_What the task requires_
Write out every line below again exactly as it stands, skipping each image.
────────────────────────────────────────
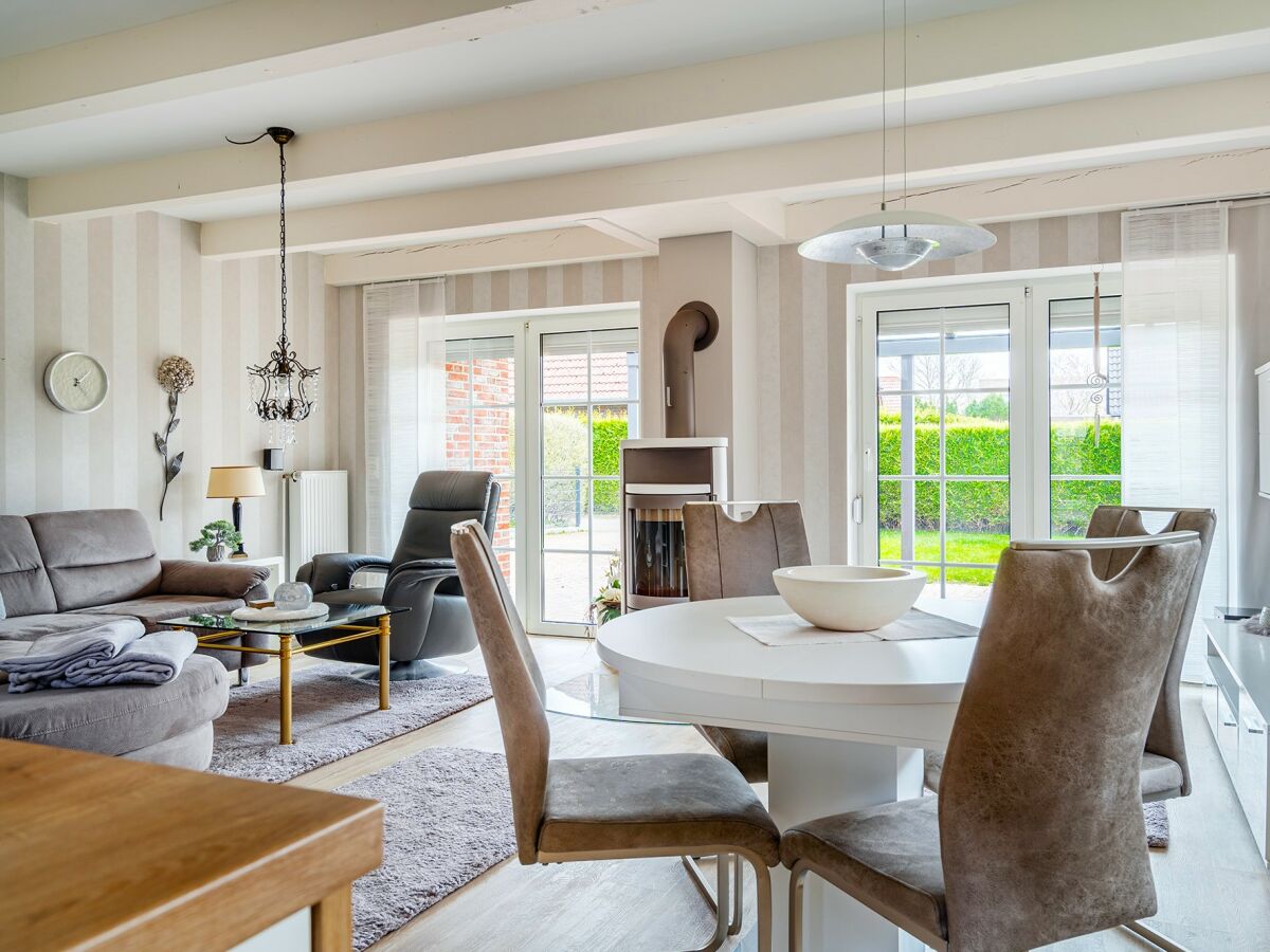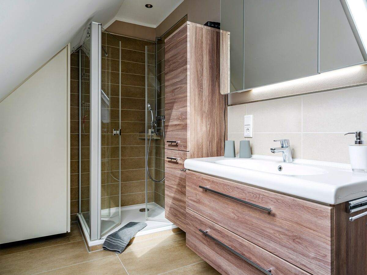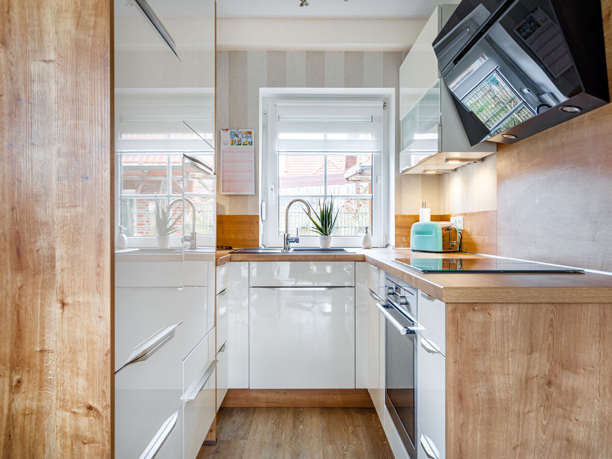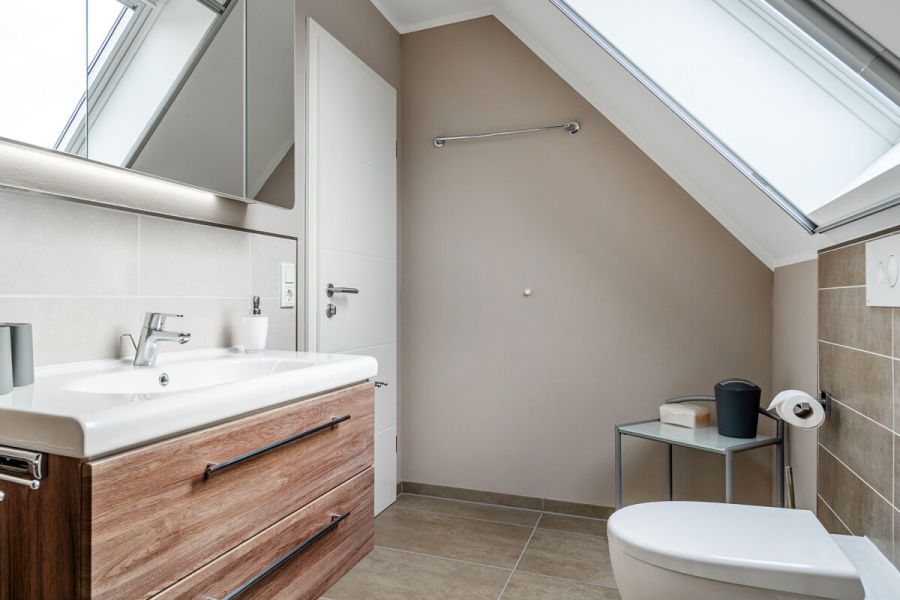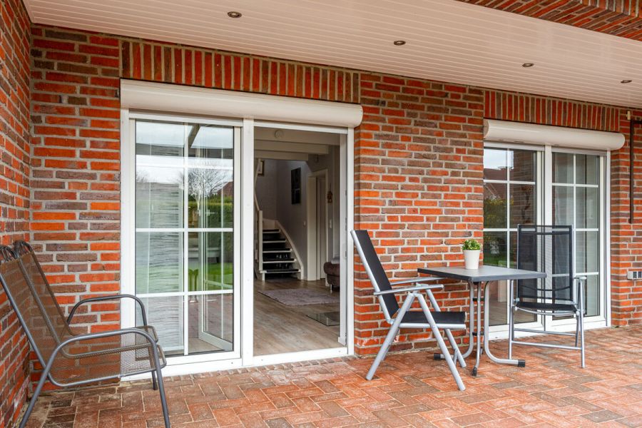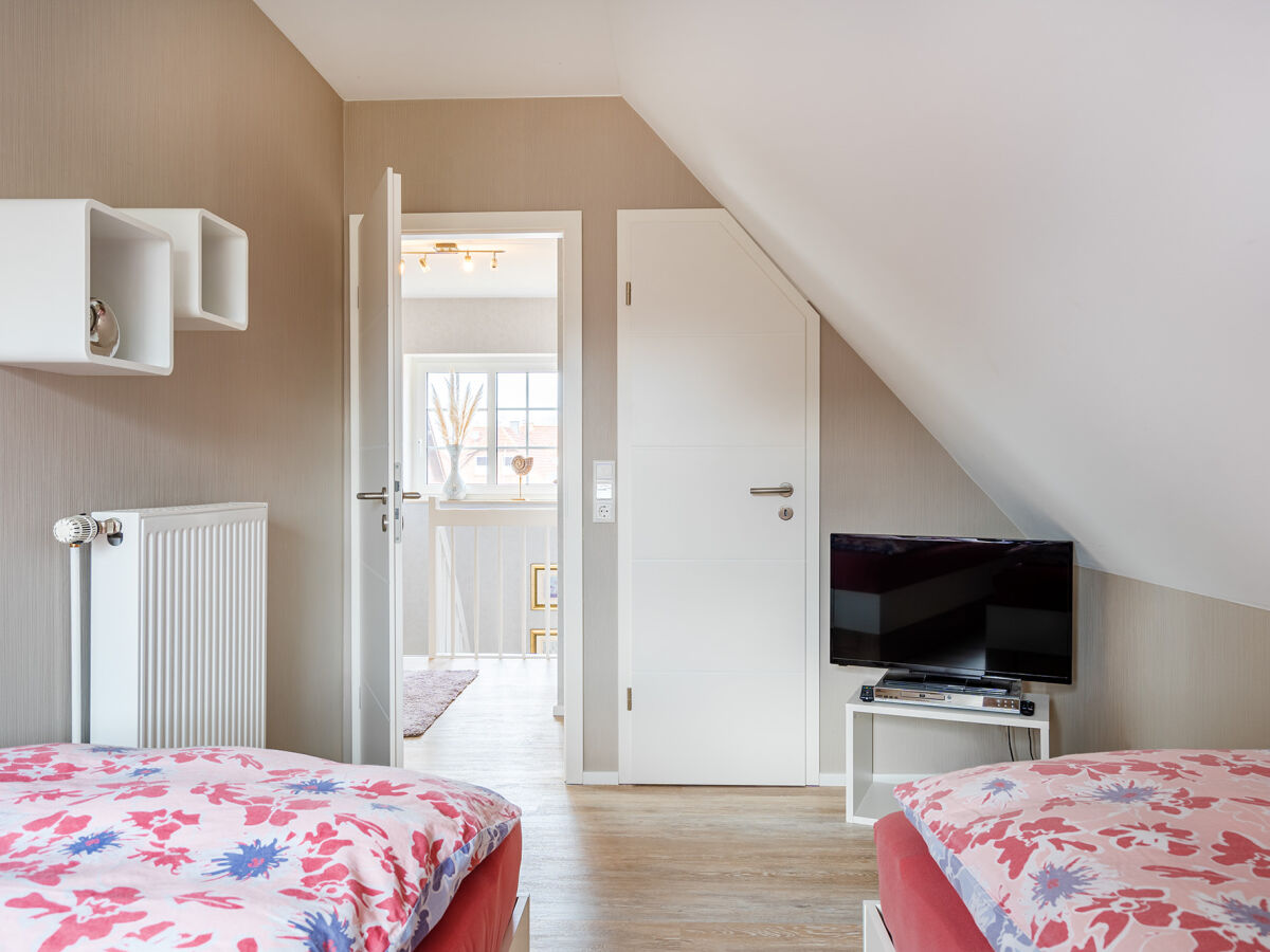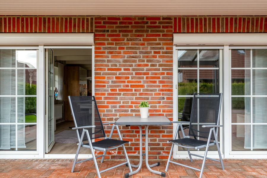 Dieses liebevoll eingerichtete und super ausgestattete Nichtraucherhaus bietet Ihnen auf ca. 80m² Wohnfläche Platz für bis zu 4 Personen mit Kleinkind. Das gesamte Haus ist mit pflegeleichtem Vinylboden ausgestattet. Der großzügige Wohn- und Essbereich mit Zugang auf die überdachte Außenterrasse und offener Küche lässt keine Wünsche offen. Abgerundet wird das Platzangebot im Erdgeschoss durch ein Gäste-WC und einem Abstellraum. Über eine Holztreppe gelangen Sie in das Obergeschoss. Hier befinden sich zwei toll eingerichtete Schlafzimmer und das moderne Badezimmer mit bodenebener Dusche. Die Schlafzimmer sind wie folgt ausgestattet: Das Elternschlafzimmer ist mit einem Doppelbett, einem Kleiderschrank und einem TV-Gerät ausgestattet. Das Kinderzimmer mit zwei Einzelbetten, einem kleinen begehbarem Kleiderschrank und ebenfalls mit einem TV-Gerät.
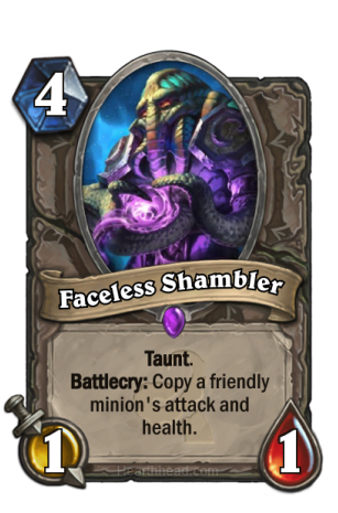 Following the vote on releases, Chinese streamer Anderonie has revealed a new card. A Neutral minion of epic quality, Faceless Shambler initially has very weak stats. His battlecry, however, does make up for this. The flexibility of the card is quite large, although not as good as his bigger brother, the Faceless Manipulator. A slight upside to the Shambler is that he has taunt from nature. This means that a player can play a valuable minion on turn 3 (or turn 1, if you're Druid), and then next turn protect it by making a copy of it. Not only will you then have 2 of the valuable minions, but you will be able to get more value from the minion you are protecting.
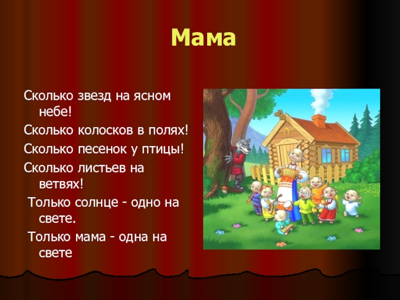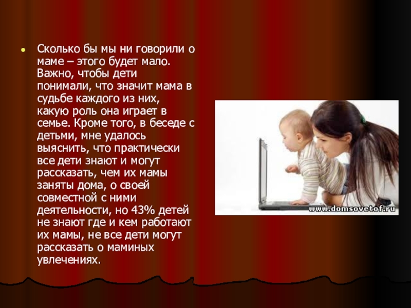 Слайд 2Сколько бы мы ни говорили о маме – этого будет мало.
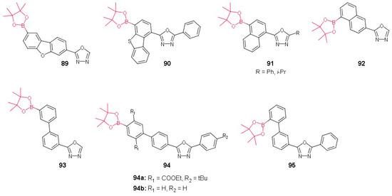 3.1. Direct Connection of Boron with 1,3,4-Oxadiazole Ring
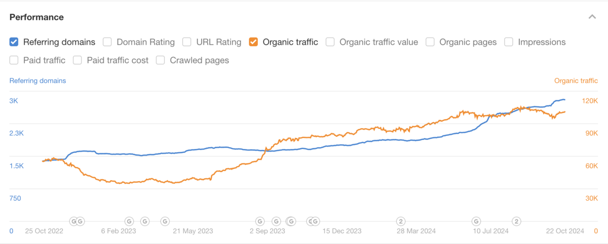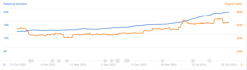 If you look at their traffic graph, you can see that there was an initial Link Spam Update in December 2022, and their traffic hasn’t grown since.
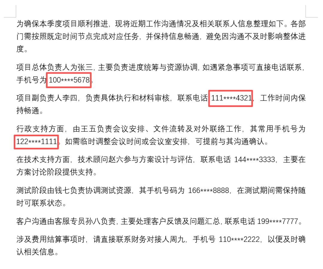 我们要将Word文件发送给第三方,或者对外发布和共享,就需要给文档中的隐私信息做打码处理。比如要将名单、统计表等发送给上级单位,上报版本必须脱敏。原始数据中的手机号要批量隐藏起来,保留姓名、部门等信息。
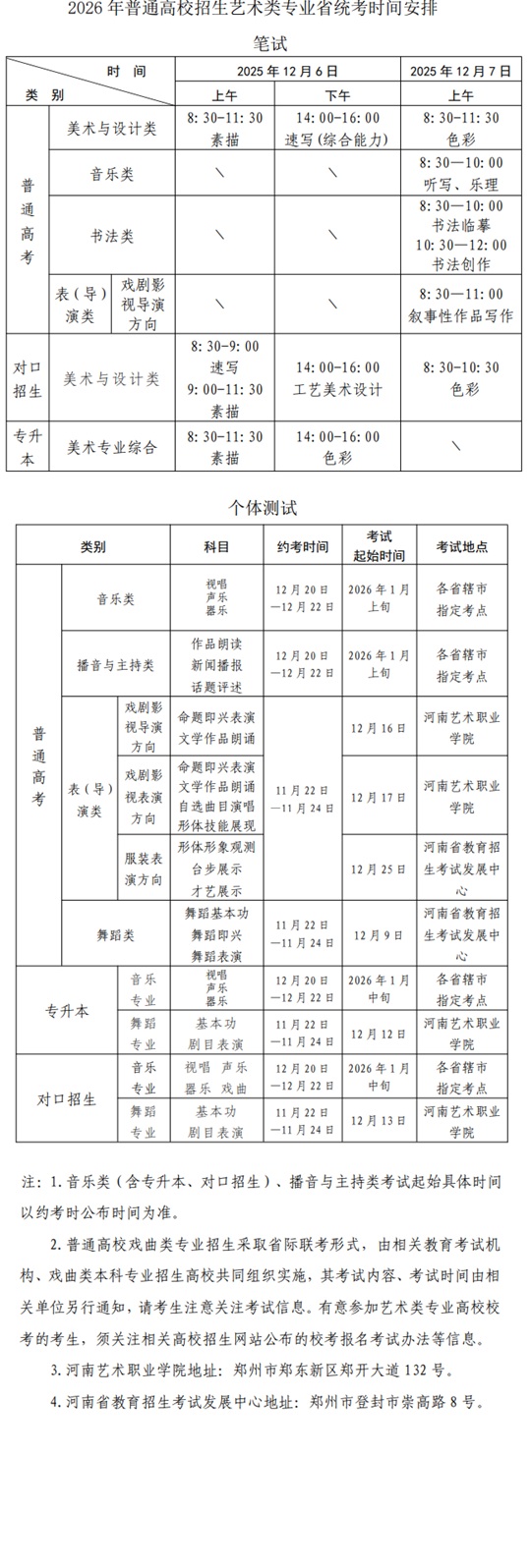 一、靜心做好考前準(zhǔn)備。請(qǐng)全省藝術(shù)類考生認(rèn)真閱讀河南省教育考試院官方網(wǎng)站(https://www.haeea.cn)發(fā)布的相應(yīng)考試說明,普通高考藝術(shù)類考生請(qǐng)認(rèn)真閱讀《河南省2026年普通高校招生藝術(shù)類專業(yè)考試有關(guān)事宜的說明》與各專業(yè)科類省級(jí)統(tǒng)考考試要求及注意事項(xiàng),專升本藝術(shù)類考生請(qǐng)認(rèn)真閱讀《河南省教育考試院發(fā)布2026年普通高等學(xué)校專升本考試招生工作實(shí)施辦法》與相關(guān)專業(yè)考試說明,對(duì)口招生藝術(shù)類考生請(qǐng)認(rèn)真閱讀《河南省2026年普通高等學(xué)校對(duì)口招收中等職業(yè)學(xué)校畢業(yè)生工作相關(guān)事宜問答》與相關(guān)專業(yè)考試說明。具體考試時(shí)間安排附后,請(qǐng)考生提前熟悉各專業(yè)考試規(guī)則,合理規(guī)劃考前學(xué)習(xí)和生活,注意飲食、作息和自身安全,保持良好身心狀態(tài),自信迎接考試。
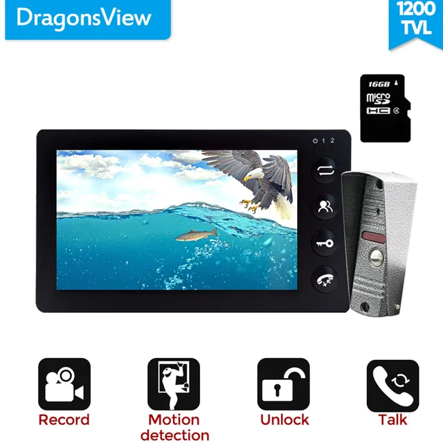 Special Price Dragonsview 7 Inch Video Intercom Video Door Phone Doorbell Intercom Recording Function 16GB SD Card Motion Alarm 1200TVL Unlock
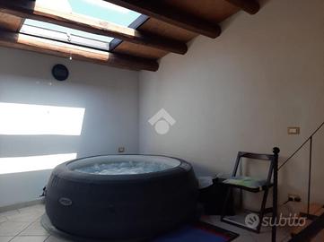 L'immobile è così composto: al piano terra troviamo il garage; al piano ammezzato una camera e un bagno; al primo piano una camera da letto con balcone, al secondo piano la zona giorno composta da cucina abitabile e soggiorno con balconi; al terzo piano la zona notte composta da camera matrimoniale, bagno con doccia, cabina armadio nel soppalco e un terrazzo.
────────────────────────────────────────
_Solution to the exercise_
 Dieses liebevoll eingerichtete und super ausgestattete Nichtraucherhaus bietet Ihnen auf ca. 80m² Wohnfläche Platz für bis zu 4 Personen mit Kleinkind. Das gesamte Haus ist mit pflegeleichtem Vinylboden ausgestattet. Der großzügige Wohn- und Essbereich mit Zugang auf die überdachte Außenterrasse und offener Küche lässt keine Wünsche offen. Abgerundet wird das Platzangebot im Erdgeschoss durch ein Gäste-WC und einem Abstellraum. Über eine Holztreppe gelangen Sie in das Obergeschoss. Hier befinden sich zwei toll eingerichtete Schlafzimmer und das moderne Badezimmer mit bodenebener Dusche. Die Schlafzimmer sind wie folgt ausgestattet: Das Elternschlafzimmer ist mit einem Doppelbett, einem Kleiderschrank und einem TV-Gerät ausgestattet. Das Kinderzimmer mit zwei Einzelbetten, einem kleinen begehbarem Kleiderschrank und ebenfalls mit einem TV-Gerät.
 Following the vote on releases, Chinese streamer Anderonie has revealed a new card. A Neutral minion of epic quality, Faceless Shambler initially has very weak stats. His battlecry, however, does make up for this. The flexibility of the card is quite large, although not as good as his bigger brother, the Faceless Manipulator. A slight upside to the Shambler is that he has taunt from nature. This means that a player can play a valuable minion on turn 3 (or turn 1, if you're Druid), and then next turn protect it by making a copy of it. Not only will you then have 2 of the valuable minions, but you will be able to get more value from the minion you are protecting.
 Слайд 2Сколько бы мы ни говорили о маме – этого будет мало.
 3.1. Direct Connection of Boron with 1,3,4-Oxadiazole Ring
 If you look at their traffic graph, you can see that there was an initial Link Spam Update in December 2022, and their traffic hasn’t grown since.
 我们要将Word文件发送给第三方,或者对外发布和共享,就需要给文档中的隐私信息做打码处理。比如要将名单、统计表等发送给上级单位,上报版本必须脱敏。原始数据中的手机号要批量隐藏起来,保留姓名、部门等信息。
 一、靜心做好考前準(zhǔn)備。請(qǐng)全省藝術(shù)類考生認(rèn)真閱讀河南省教育考試院官方網(wǎng)站(https://www.haeea.cn)發(fā)布的相應(yīng)考試說明,普通高考藝術(shù)類考生請(qǐng)認(rèn)真閱讀《河南省2026年普通高校招生藝術(shù)類專業(yè)考試有關(guān)事宜的說明》與各專業(yè)科類省級(jí)統(tǒng)考考試要求及注意事項(xiàng),專升本藝術(shù)類考生請(qǐng)認(rèn)真閱讀《河南省教育考試院發(fā)布2026年普通高等學(xué)校專升本考試招生工作實(shí)施辦法》與相關(guān)專業(yè)考試說明,對(duì)口招生藝術(shù)類考生請(qǐng)認(rèn)真閱讀《河南省2026年普通高等學(xué)校對(duì)口招收中等職業(yè)學(xué)校畢業(yè)生工作相關(guān)事宜問答》與相關(guān)專業(yè)考試說明。具體考試時(shí)間安排附后,請(qǐng)考生提前熟悉各專業(yè)考試規(guī)則,合理規(guī)劃考前學(xué)習(xí)和生活,注意飲食、作息和自身安全,保持良好身心狀態(tài),自信迎接考試。
 Special Price Dragonsview 7 Inch Video Intercom Video Door Phone Doorbell Intercom Recording Function 16GB SD Card Motion Alarm 1200TVL Unlock
 L'immobile è così composto: al piano terra troviamo il garage; al piano ammezzato una camera e un bagno; al primo piano una camera da letto con balcone, al secondo piano la zona giorno composta da cucina abitabile e soggiorno con balconi; al terzo piano la zona notte composta da camera matrimoniale, bagno con doccia, cabina armadio nel soppalco e un terrazzo.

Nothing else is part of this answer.